I would like to focus on some motions moved by my hon. colleague dealing with clauses 11, 12, 19 and 50 of the bill. Clause 11 definitely needs to go, because it grants the minister exclusive power to appoint the members of the various panels. We would prefer that they be appointed in consultation with the ministers of environment and labour as well as with the public, as was suggested in committee.
Clause 12 should also be deleted, as it provides that the government's contribution to the commission's expenses not be disclosed. I find that unacceptable. We need to be transparent with the people. We sought to remedy the situation in committee by proposing an amendment, which my hon. colleague from Essex championed quite well. In the end, we saw the Liberals' hypocrisy at work when they opposed it.

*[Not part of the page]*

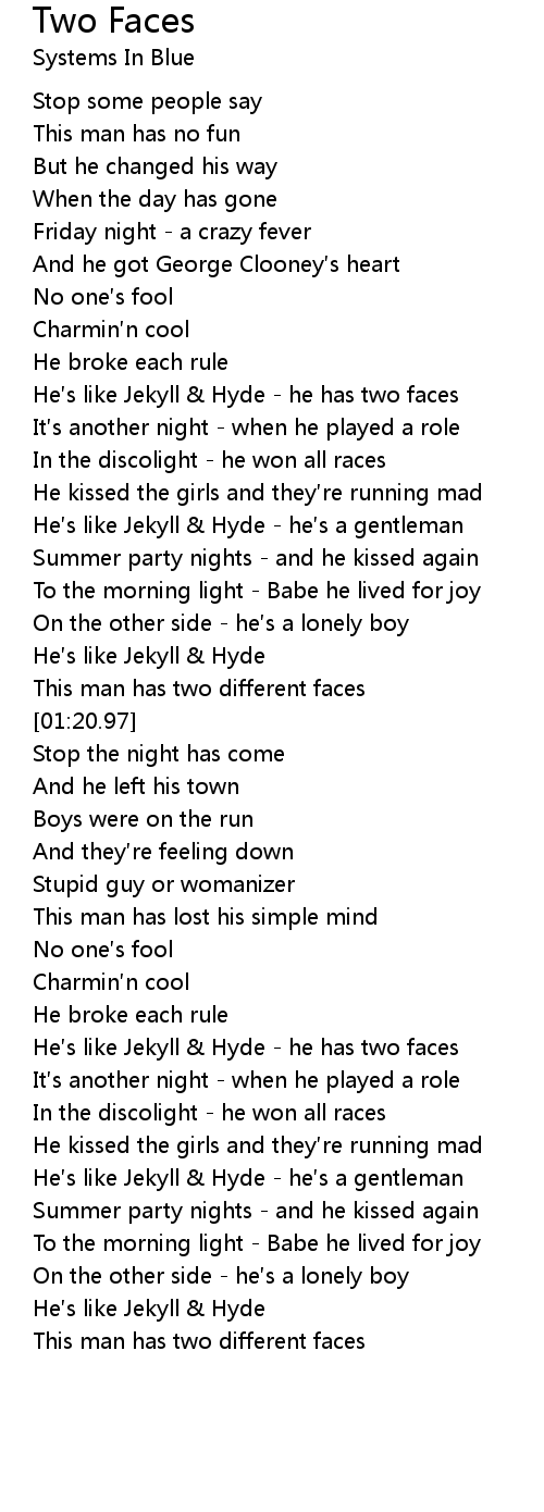 | [00:46.90] | He′s like Jekyll & Hyde - he has two faces |

Businesses in my riding are already concerned. They know that the agreement will not benefit them in the slightest and tens of thousands of jobs are in jeopardy around the country. Farms and small and medium-sized businesses are at risk of shutting down. This was already being reported back in March 2018 in Le Quotidien du Saguenay Lac-Saint-Jean; a dozen farm operations in the region closed up shop over the past year. Dairy farmers in Saguenay—Lac-Saint-Jean were already aware of the dangers of the breaches that the Liberals have opened in supply management.
Again back in March, Daniel Gobeil, president of the Producteurs de lait du Saguenay—Lac-Saint-Jean, said he was concerned that the negotiations around what was then still called NAFTA would once again be conducted at the expense of dairy farmers. He was right to be concerned. After what they went through with CETA, he said that dairy farmers did not want to be used as bargaining chips anymore, and yet, that is precisely what happened. Smaller operations saw their profits drop, and the climate of uncertainty created by the Liberals has discouraged some from investing, leaving them with no choice but to bow out.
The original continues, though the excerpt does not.